MATERIAL PROVIDED ▸
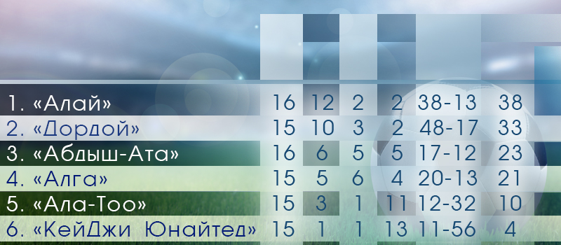 Как сообщается, в настоящее время в турнирной таблице лидирует «Алай» (38 очков). Далее следуют «Дордой» (33 очка) и «Абдыш-Ата» (23 очка). Среди бомбардиров на первом месте идет Мирлан Мурзаев («Дордой») – 15 голов.
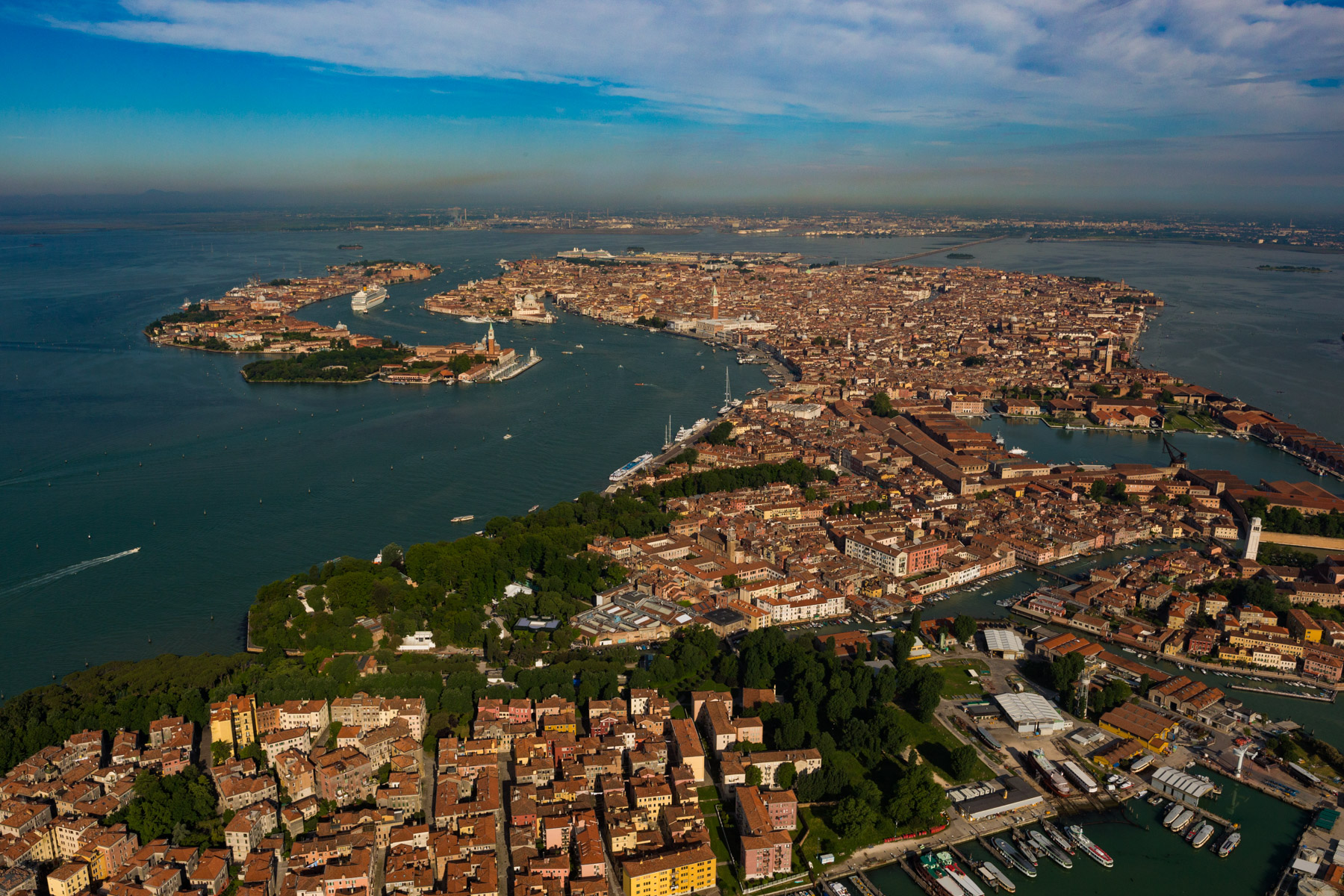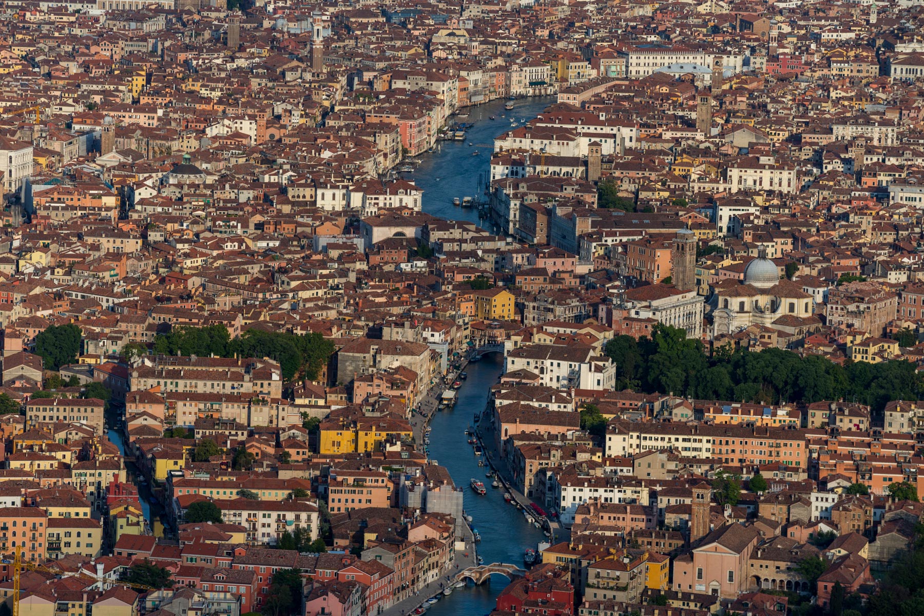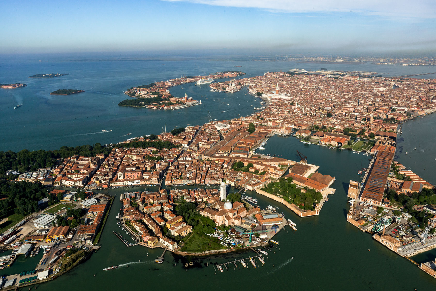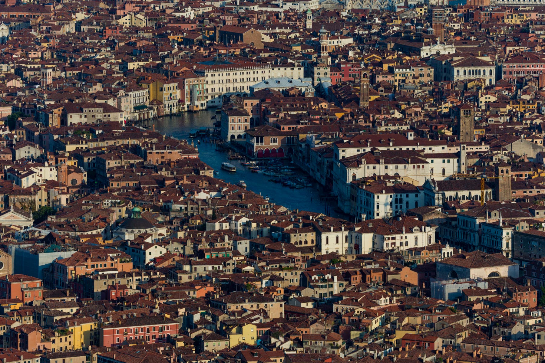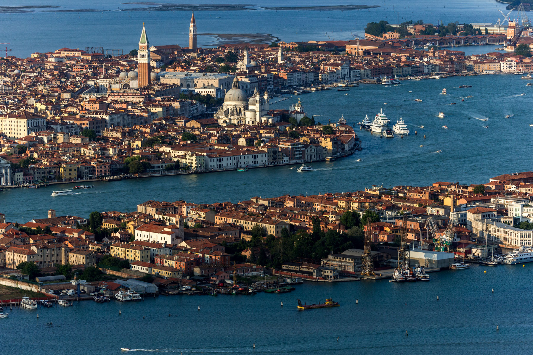 General view of Venice, Veneto, Italy (45°25' N – 12°21' E).
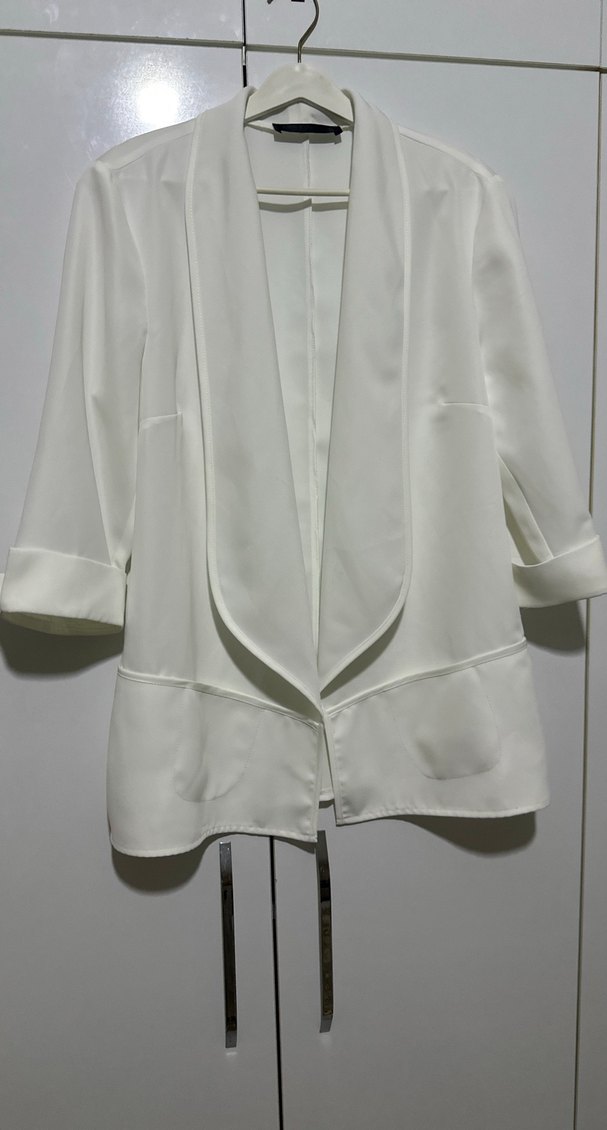 Beyaz renkli, kısa kollu kadın blazer. Düğmeli, normal kesim ve midi boyda, ofis kullanımı için uygundur. Sentetik kumaştan üretilmiştir.
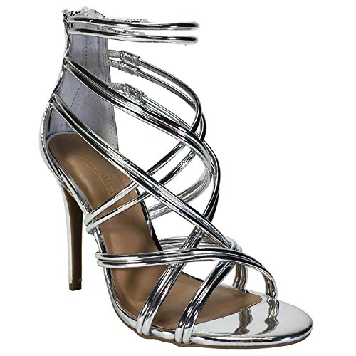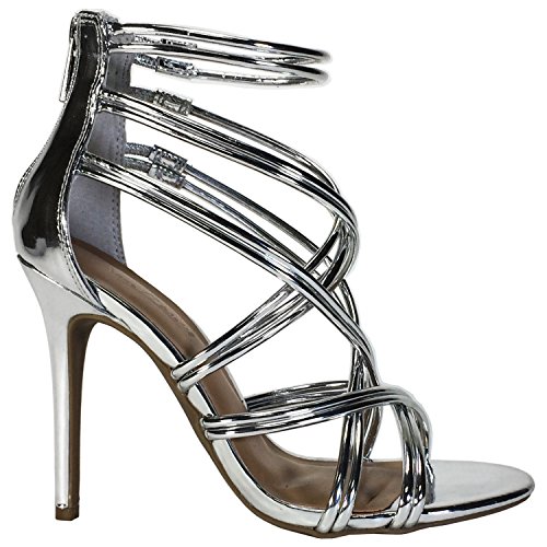Anne Michelle Women's Metallic Multi Strap Heel Sandal
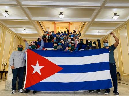 Conmueve, además, la foto divulgada por los diplomáticos de la Embajada de Cuba en ee. uu. Todos juntos, con el brazo izquierdo levantado, aguantando con fuerza una bandera cubana. Fue tomada en el recibidor del edificio que un día antes fuera blanco de un atentado terrorista. Estas fotos fueron capturadas con teléfonos personales y subidas a cada perfil de las redes de forma espontánea. Es lo lindo de vivir en esta Isla en tiempos de pandemia. En otras latitudes, las personas han tomado las calles para exigir sus derechos, a pesar del alto riesgo de contagio. Han hecho de Facebook y Twitter un escenario de denuncia. Mientras, jóvenes, adultos y ancianos de la Isla, cuentan al mundo que no hay lugar tan seguro como Cuba.
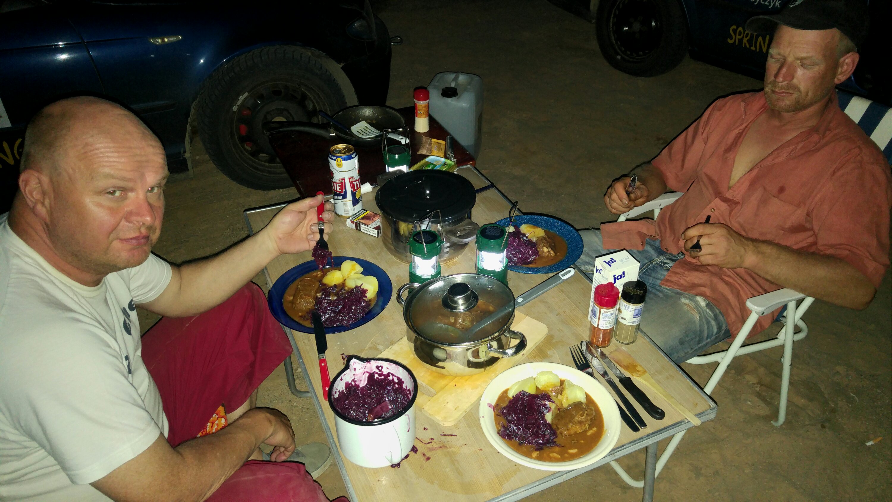 Heute durften wir „ausschlafen“, gegen 10 Uhr war Abfahrt anvisiert. Da wir am Vormittag noch ein letztes Mal in die Nähe der Straße kommen, musste für ein paar Teams die Entscheidung getroffen werden, auf der Straße nach Nouakchott oder doch durch die Wüste. Ein Team, das mit dem defekten Kühler entschied sich auf der Straße weiter zu fahren. Für alle anderen ging es immer weiter rein… Nach den ersten Offroad- und Wüstenerfahrungen des gestrigen Tages, ging es heute recht geordnet zu. Nur wenige Einsandungen und keine größeren Beschädigungen. So erreichten wir recht zügig die Passage „Die drei Dünen“. Bei den letzten Rallyes hatten wir vor der Passage unser Nachtlager errichtet. Diesmal war noch Zeit, sodass wir noch die erste Dünenpassage durchqueren konnten. Auf dieser ca. 5 km langen Strecke gibt es immer wieder Tiefsand durch die sich die Fahrzeuge kämpfen müssen. Mit ein paar Einsandungen haben es dann aber doch kurz vorm Untergehen der Sonne alle geschafft. Also Nachtlager aufschlagen und Abendessen machen. Für uns stand heute etwas besonderes auf dem Speiseplan… Rinderrouladen mit Rotkraut und Kartoffeln! Mmh, sehr lecker!
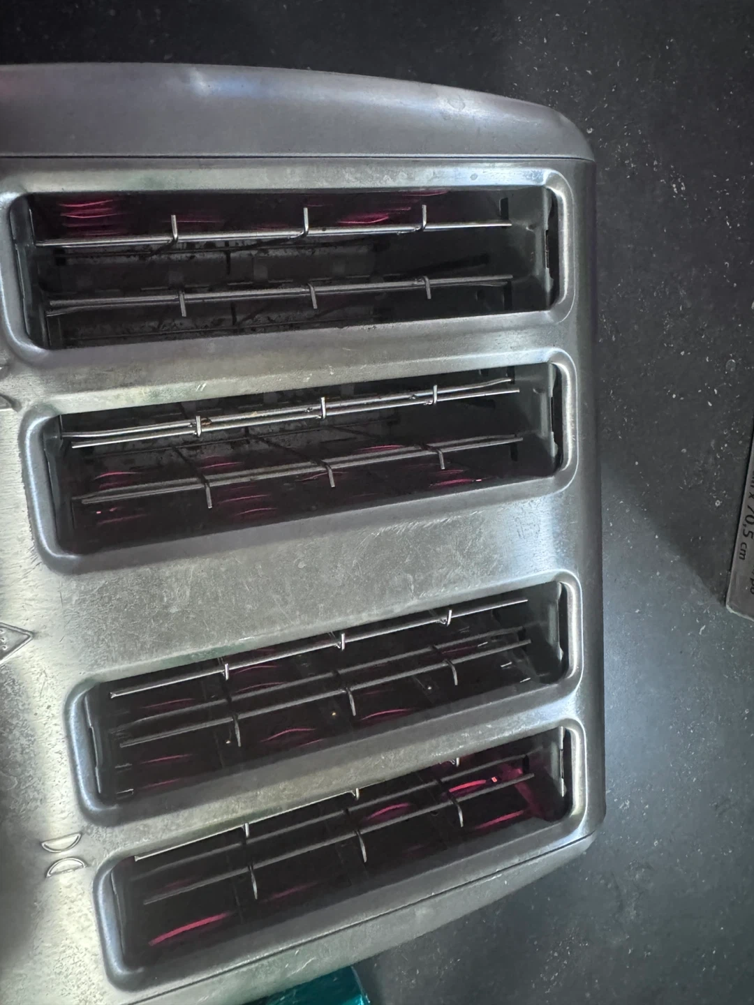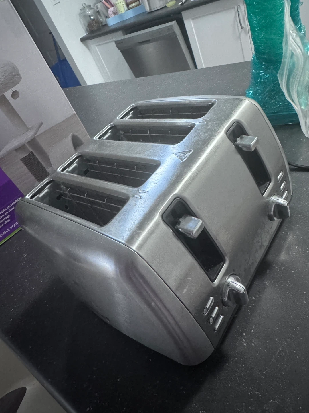 Selling a four-slice toaster. It's in used condition, but still works great for making toast for the whole family!
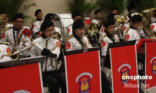 臺(tái)灣警政署十三日舉辦慶祝警察節(jié)活動(dòng),臺(tái)北縣警察樂隊(duì)演奏《感恩的心》,表達(dá)對(duì)親人、市民的關(guān)懷。中新社發(fā) 耿軍 攝
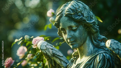 © Akash Tholiya, Fototapeta premium Image with background and place for caption and fragment of tragic sad angel statue at the cemetery. Funeral ceremony

PROBLEM ▸
Down to the last line, reproduce the material above exactly; skip its images.

PROBLEM SOLUTION ▸
 Как сообщается, в настоящее время в турнирной таблице лидирует «Алай» (38 очков). Далее следуют «Дордой» (33 очка) и «Абдыш-Ата» (23 очка). Среди бомбардиров на первом месте идет Мирлан Мурзаев («Дордой») – 15 голов.
 General view of Venice, Veneto, Italy (45°25' N – 12°21' E).
 Beyaz renkli, kısa kollu kadın blazer. Düğmeli, normal kesim ve midi boyda, ofis kullanımı için uygundur. Sentetik kumaştan üretilmiştir.
Anne Michelle Women's Metallic Multi Strap Heel Sandal
 Conmueve, además, la foto divulgada por los diplomáticos de la Embajada de Cuba en ee. uu. Todos juntos, con el brazo izquierdo levantado, aguantando con fuerza una bandera cubana. Fue tomada en el recibidor del edificio que un día antes fuera blanco de un atentado terrorista. Estas fotos fueron capturadas con teléfonos personales y subidas a cada perfil de las redes de forma espontánea. Es lo lindo de vivir en esta Isla en tiempos de pandemia. En otras latitudes, las personas han tomado las calles para exigir sus derechos, a pesar del alto riesgo de contagio. Han hecho de Facebook y Twitter un escenario de denuncia. Mientras, jóvenes, adultos y ancianos de la Isla, cuentan al mundo que no hay lugar tan seguro como Cuba.
 Heute durften wir „ausschlafen“, gegen 10 Uhr war Abfahrt anvisiert. Da wir am Vormittag noch ein letztes Mal in die Nähe der Straße kommen, musste für ein paar Teams die Entscheidung getroffen werden, auf der Straße nach Nouakchott oder doch durch die Wüste. Ein Team, das mit dem defekten Kühler entschied sich auf der Straße weiter zu fahren. Für alle anderen ging es immer weiter rein… Nach den ersten Offroad- und Wüstenerfahrungen des gestrigen Tages, ging es heute recht geordnet zu. Nur wenige Einsandungen und keine größeren Beschädigungen. So erreichten wir recht zügig die Passage „Die drei Dünen“. Bei den letzten Rallyes hatten wir vor der Passage unser Nachtlager errichtet. Diesmal war noch Zeit, sodass wir noch die erste Dünenpassage durchqueren konnten. Auf dieser ca. 5 km langen Strecke gibt es immer wieder Tiefsand durch die sich die Fahrzeuge kämpfen müssen. Mit ein paar Einsandungen haben es dann aber doch kurz vorm Untergehen der Sonne alle geschafft. Also Nachtlager aufschlagen und Abendessen machen. Für uns stand heute etwas besonderes auf dem Speiseplan… Rinderrouladen mit Rotkraut und Kartoffeln! Mmh, sehr lecker!
 Selling a four-slice toaster. It's in used condition, but still works great for making toast for the whole family!
 臺(tái)灣警政署十三日舉辦慶祝警察節(jié)活動(dòng),臺(tái)北縣警察樂隊(duì)演奏《感恩的心》,表達(dá)對(duì)親人、市民的關(guān)懷。中新社發(fā) 耿軍 攝
 © Akash Tholiya, Fototapeta premium Image with background and place for caption and fragment of tragic sad angel statue at the cemetery. Funeral ceremony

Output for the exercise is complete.